Comment 4 Florian Best univentionstaff 2019-05-15 23:28:19 CEST
ucr set ldap/acl/read/slave/default-attributes=entry,objectClass
Comment 5 Felix Botner univentionstaff 2019-05-27 14:11:07 CEST
I am not sure if this patch does what we need. In the customer fork both, the authentication rule and default rule are deactivated.

(a)

the default rule is probably replaced replaced by 49389, so we can use this patch here to create a new default rule ( ucr set ldap/acl/read/slave/default-attributes="attrs=entry,objectClass") 

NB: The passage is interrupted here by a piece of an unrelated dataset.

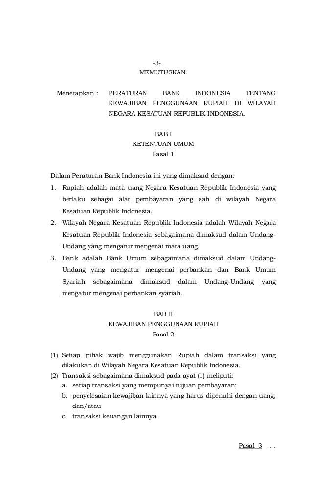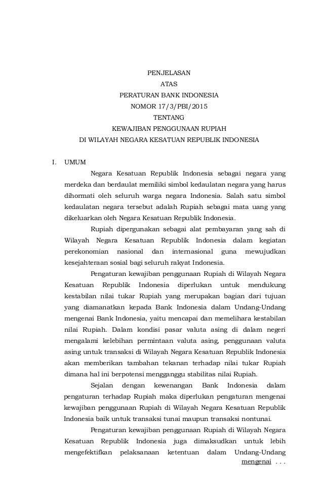 Peraturan bank indonesia nomor 17/3/pbi/2015 tentang kewajiban penggunaan rupiah di wilayah negara kesatuan republik indonesia dengan rahmat tuhan yang maha esa gubernur bank indonesia, menimbang : Peraturan bank indonesia nomor 17/3/pbi/2015 tahun 2015 tentang kewajiban penggunaan rupiah di wilayah negara kesatuan republik indonesia Dan masih ada beberapa hal lagi mengenai peraturan bank indonesia nomor 17/3/pbi/2015 seputar pengecualian dan ketentuannya, yang bisa diketahui masyarakat dan stakeholder terkait.

 access to attrs=entry,objectClass
   by users read

which is different form the customers default rule

 access to attrs=entry,objectClass
   by * read break

is this OK? (and there is a typo in the patch, the print statement needs a %s or so)

(b)
in the fork it seems to be possible to completely deactivate the authentication rule

 access to dn.subtree="dc=four,dc=four" attrs=entry,uid
   by anonymous auth
   by * +0 break

this is not possible with the patch
Comment 6 Florian Best univentionstaff 2019-06-28 16:00:39 CEST
(In reply to Felix Botner from comment #5)
> I am not sure if this patch does what we need. In the customer fork both,
> the authentication rule and default rule are deactivated.
> 
> (a)
> 
> the default rule is probably replaced replaced by 49389, so we can use this
> patch here to create a new default rule ( ucr set
> ldap/acl/read/slave/default-attributes="attrs=entry,objectClass") 
> 
>  access to attrs=entry,objectClass
>    by users read
> 
> which is different form the customers default rule
> 
>  access to attrs=entry,objectClass
>    by * read break
> 
> is this OK? (and there is a typo in the patch, the print statement needs a
> %s or so)
> 
> (b)
> in the fork it seems to be possible to completely deactivate the
> authentication rule
> 
>  access to dn.subtree="dc=four,dc=four" attrs=entry,uid
>    by anonymous auth
>    by * +0 break
> 
> this is not possible with the patch

Oh, yes I oversaw that!

a)
If anonymous auth is deactivated "*" and "users" is similar, except that "users" excludes unauthenticated accounts.
The UCS rule is "break", the customer rule is "stop".
But as this is the very last rule, there is no other rule to continue with. So there is no practical difference to a standard UCS.
So effectively, the customer allows read to objectClass,entry by * including anonymous users.
I doubt that is wanted? But if it is, no problem, we can modify that.

Let's discuss this patch again on monday.
Comment 7 Felix Botner univentionstaff 2019-11-25 12:21:17 CET
Any progress here, do we need to talk?
Comment 8 Florian Best univentionstaff 2019-11-26 10:44:36 CET
(In reply to Felix Botner from comment #7)
> Any progress here, do we need to talk?
We need a concrete order from professional services that we should continue here.